Uma análise superficial da economia argentina mostra indicadores positivos: preço alto para as exportações; reservas internacionais elevadas; crescimento econômico; desemprego em queda e superávits comercial e fiscal. Entretanto, há sinais inequívocos, que sem uma mudança de rumo, a política econômica está fadada ao fracasso.

O atual ciclo de crescimento argentino, com uma média anual de taxas acima dos 8%, começou pouco antes do mandato do presidente Néstor Kirchner e é resultado da combinação dada pela melhoria dos termos de troca - preços de exportações em alta e de produtos importados em queda, gerando superávits comerciais expressivos, e da renegociação da dívida externa após o calote. Com isso, houve fluxo elevado de divisas que valorizaram o peso e derrubaram a inflação, possibilitando juros mais baixos, bem como a abertura de espaços para as retenções (retenciones - um eufemismo para um imposto de exportação). A renegociação da dívida criou um efeito riqueza forte e abriu precariamente as portas para investimentos externos. Os efeitos de estabilidade, mais riqueza e expansão fiscal, foram fortes, e o país começou a crescer.

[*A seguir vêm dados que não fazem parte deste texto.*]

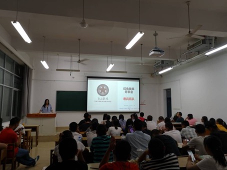 为强化学生的爱国情感,让学生铭记历史,继承红色精神,英国威廉希尔唯一官网于9月2日晚在翡翠湖校区3教207、208、209举行了红色故事分享会。英国威廉希尔唯一官网2018级金融工程1班班主任贾君君老师、军训团三营十七连连长、二排排长、英国威廉希尔唯一官网2018级本科生辅导员、马克思主义学院实习班主任及英国威廉希尔唯一官网2018级全体本科生共同参与了此次活动。
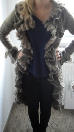 Nabízím úplně nový cardigan s ozdobnými okraji a rukávy...velikost bych řekla,že je UNI unáhlená koupě...původní cena 1000 Kč, kupováno v kamenném obchodě...

A política econômica de Néstor Kirchner tem uma dose de personalismo elevada. Num quadro de enfraquecimento institucional como o de 2001, em que a autoridade presidencial precisava ser reconstruída, isso foi oportuno. As decisões emanavam da Presidência e tinham um componente discricionário forte. Ilustrando o ponto: no controle de inflação prevalece o uso de negociações de margens com supermercados, a intervenção no órgão que mede a inflação e preços máximos para alguns produtos. Foi uma política aceita para administrar o bom momento, mas os sinais de esgotamento do modelo estão reduzindo rapidamente a tolerância com o autoritarismo.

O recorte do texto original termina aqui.